WORK TO BE COMPLETED
Below are the records; reproduce all of them exactly but without any images.

___

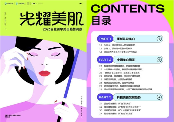 IP項(xiàng)目期間,巨量算數(shù)攜手基礎(chǔ)顏究、OIB.CHINA共同發(fā)布「光耀美肌-2023巨量引擎美白趨勢(shì)洞察」白皮書,首次披露抖音美白行業(yè)數(shù)據(jù),聚焦“美白發(fā)展史”,定位“美白行業(yè)與用戶洞察”,打破“多個(gè)美白誤區(qū)”,解讀“美白品牌產(chǎn)品的核心科技”,建立“美白的科學(xué)認(rèn)知”。
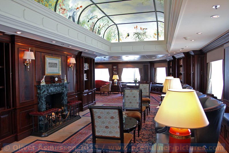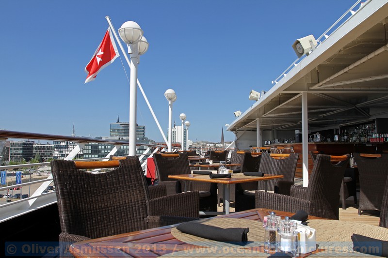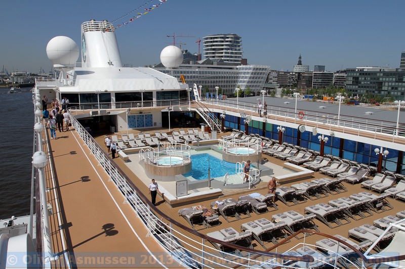 Diese sind so bequem, dass sicherlich durchaus der eine oder andere Kreuzfahrtgast sein Mittagsschläfchen an Deck halten wird. Eine Kopf- bzw. Nackenstütze und ein großes Handtuch gehören selbstverständlich dazu. Auch wenn weder das Pooldeck noch die umrundende Galerie mit Echtholz belegt sind, bleibt der elegante und stilvolle Charakter erhalten. Der Pool selbst wird sicherlich mit seiner Größe keine Weltrangliste anführen aber sollte für ein Schiff dieser Größe dennoch ausreichen.
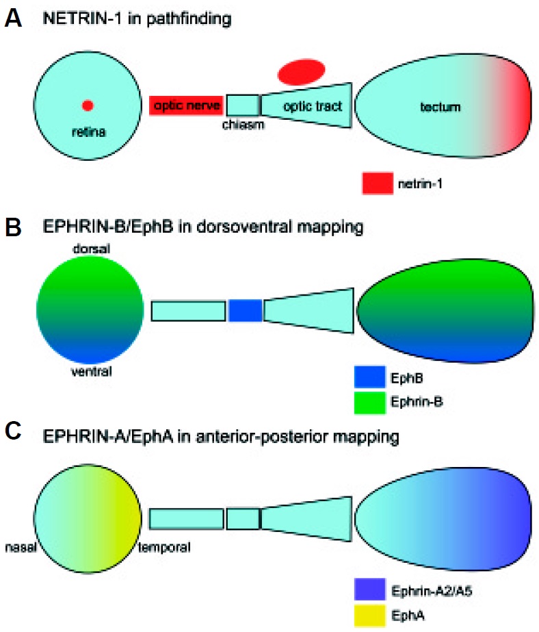 Fig. 1. Netrin-1 helps to guide the growth of axons out of the eye. (A)
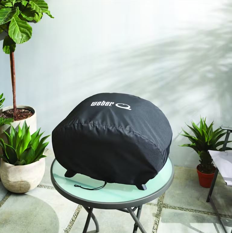 Keep your Weber Q in top shape and protect it from the harsh outdoor elements with this Q premium BBQ cover. It includes a fastening draw cord to keep it from blowing off, and its lightweight, durable material is water and UV resistant.
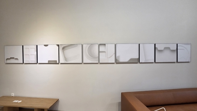 제주 서귀포시 안덕면 이노메싸 제주 플래그십 스토어에서 김도균 작가의 사진 작품이 전시되고 있다. 건축 구조와 도시의 질서를 포착한 대형 작품이 전시 공간의 중심을 이루고 있다. (사진=이문호 기자) 제주교통복지신문, TW News

___

SOLUTION TO THE EXERCISE
 IP項(xiàng)目期間,巨量算數(shù)攜手基礎(chǔ)顏究、OIB.CHINA共同發(fā)布「光耀美肌-2023巨量引擎美白趨勢(shì)洞察」白皮書,首次披露抖音美白行業(yè)數(shù)據(jù),聚焦“美白發(fā)展史”,定位“美白行業(yè)與用戶洞察”,打破“多個(gè)美白誤區(qū)”,解讀“美白品牌產(chǎn)品的核心科技”,建立“美白的科學(xué)認(rèn)知”。
 Diese sind so bequem, dass sicherlich durchaus der eine oder andere Kreuzfahrtgast sein Mittagsschläfchen an Deck halten wird. Eine Kopf- bzw. Nackenstütze und ein großes Handtuch gehören selbstverständlich dazu. Auch wenn weder das Pooldeck noch die umrundende Galerie mit Echtholz belegt sind, bleibt der elegante und stilvolle Charakter erhalten. Der Pool selbst wird sicherlich mit seiner Größe keine Weltrangliste anführen aber sollte für ein Schiff dieser Größe dennoch ausreichen.
 Fig. 1. Netrin-1 helps to guide the growth of axons out of the eye. (A)
 Keep your Weber Q in top shape and protect it from the harsh outdoor elements with this Q premium BBQ cover. It includes a fastening draw cord to keep it from blowing off, and its lightweight, durable material is water and UV resistant.
 제주 서귀포시 안덕면 이노메싸 제주 플래그십 스토어에서 김도균 작가의 사진 작품이 전시되고 있다. 건축 구조와 도시의 질서를 포착한 대형 작품이 전시 공간의 중심을 이루고 있다. (사진=이문호 기자) 제주교통복지신문, TW News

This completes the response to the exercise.